We are still going to use async tokens and gpu.wait for dependency tracking. Stream itself doesn’t introduce any dependency info. All gpu runtimes need some sort of ‘context’ where you submit your kernels and goal of this proposal to make it explicit. Without it you will need to ether use global variables or to pass stream as async token (which is a hack and also, doesn’t allow diamond dependencies). It also allows more flexibility and things like outlining and caching stream creation or interleaving execution on multiple devices.

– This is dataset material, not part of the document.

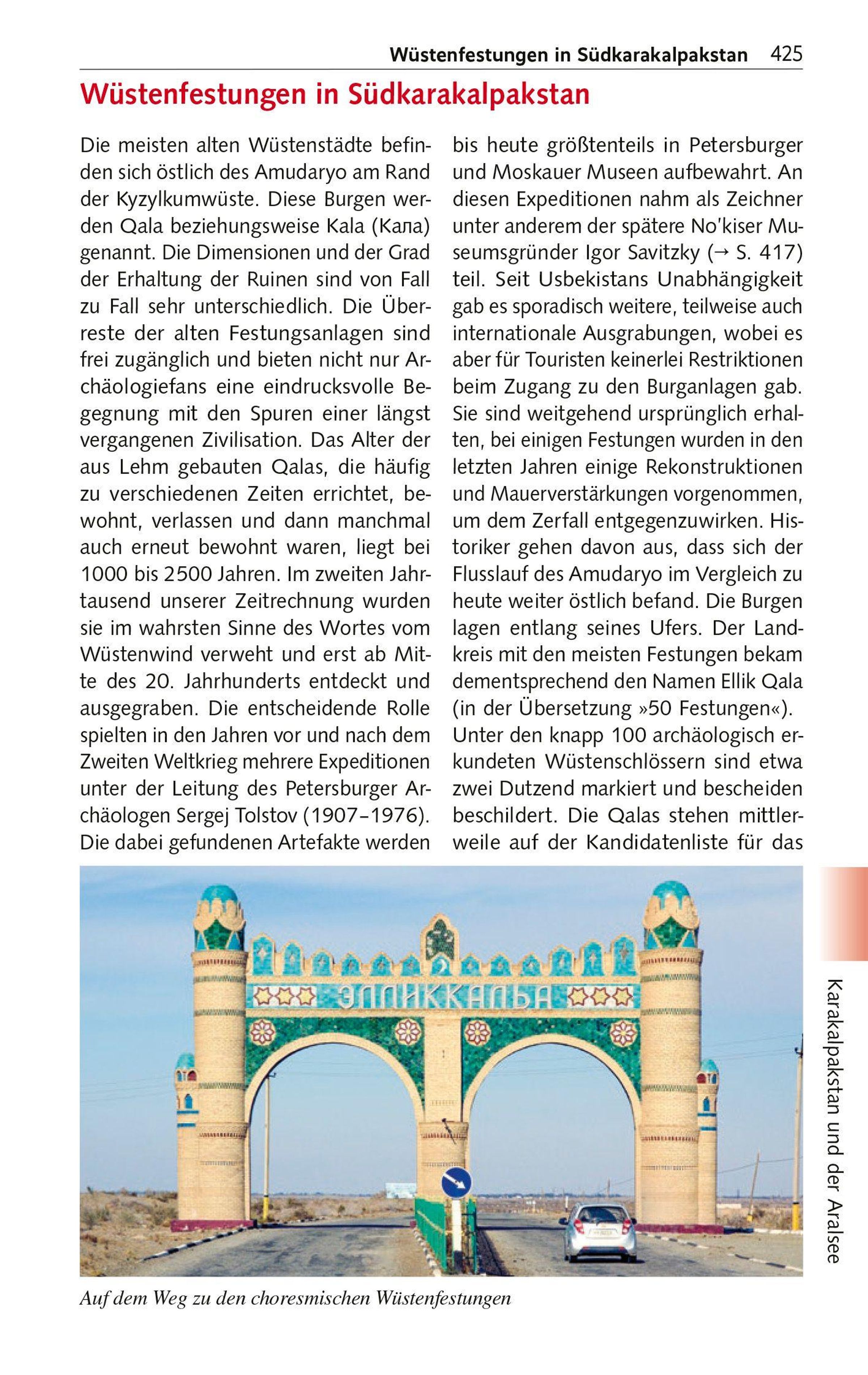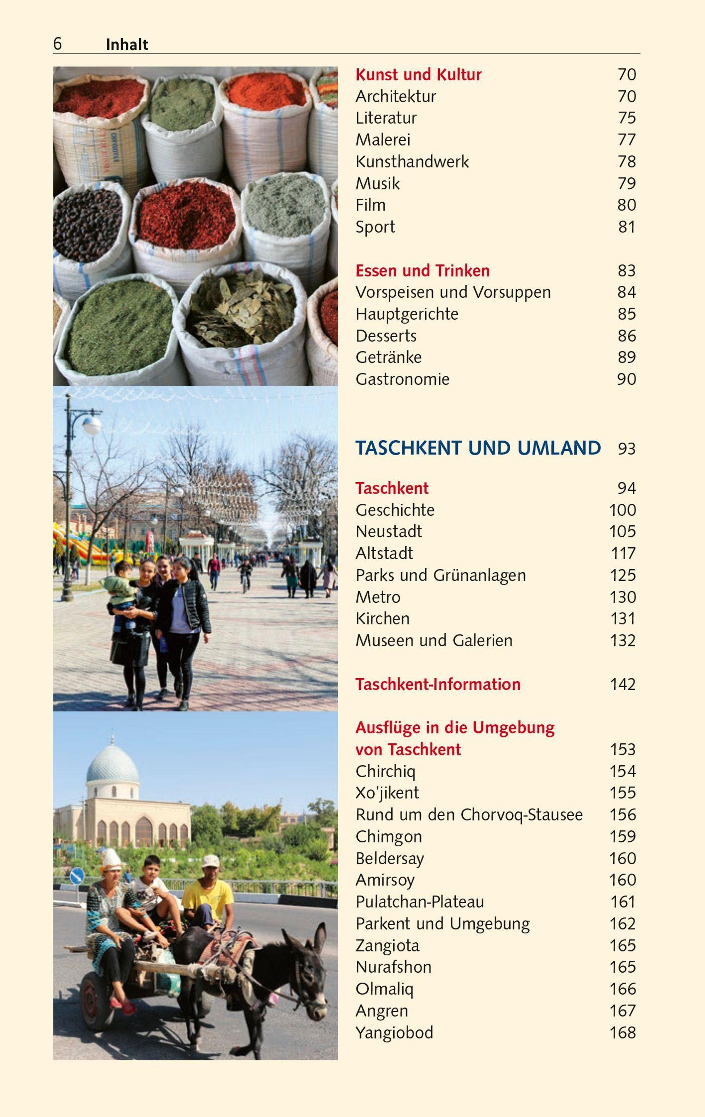 Die Hauptstadt Taschkent besticht mit ihrem Mix aus grünen Parks, traditioneller und sowjetischer Architektur. Das Ferghanatal im Dreiländereck Usbekistan, Kirgistan, Kasachstan, die Wüste Kyzylkum oder eine Fahrt zum schwindenden Aralsee zählen zu den beeindruckenden Naturerlebnissen. Die Wüstenfestungen am Amudaryo, Reste buddhistischer Klöster und zoroastrischer Feuertempel zeugen von der reichen Geschichte. Viele weitere spannende Entdeckungen, Basare mit orientalischem Flair und eine herzliche Gastfreundschaft erwarten die Besucher im Land.

Sorry, I should have asked earlier. It isn’t great to have two different ways of creating streams. At least the naming is already problematic here. %t = gpu.wait async already provides the abstraction lowered by the creation of streams. Creating a new gpu.create_stream is overlapping the way I see it. Looking at the OP, if a user wants to provide an existing stream (for eg. passed as an arg to a FuncOp), it could be done by modelling the thing being passed as a !gpu.async_token type while at the GPU dialect level, and this would lower, for example, on the LLVM lowering path, to an !llvm.ptr<i8>. Then, passing a cudaStream_t in the case of NVIDIA GPUs, for example, makes the generated/compiled MLIR work perfectly fine (all the runtime calls in it would work with the custom stream passed). I can’t see why such a lowering can’t be built for the Intel GPU. If diamond DAGs can’t be modelled and are desired, then that’s a separate problem to address with the current approach, and we should replace/improve the latter.
Stream/queue is separate concept from synchronization in L0/SYCL, it have async queues which can execute kernels in arbitrary order, and user need to explicitly synchronize kernels via events. That why we are proposing to split it into 2 entities. Stream just provide some ‘context’ where you can enqueue kernels but doesn’t guarantee any execution order (except the case when launch_func is expected to be executed immediately, i.e. doesn’t return async token), and async tokens are using for explicit synchronization. Current implementation when cuda stream is passed as async token doesn’t look like a general solution to me and looks more like a hack and I definitely don’t want to pull such hack to our L0/SYCL impl.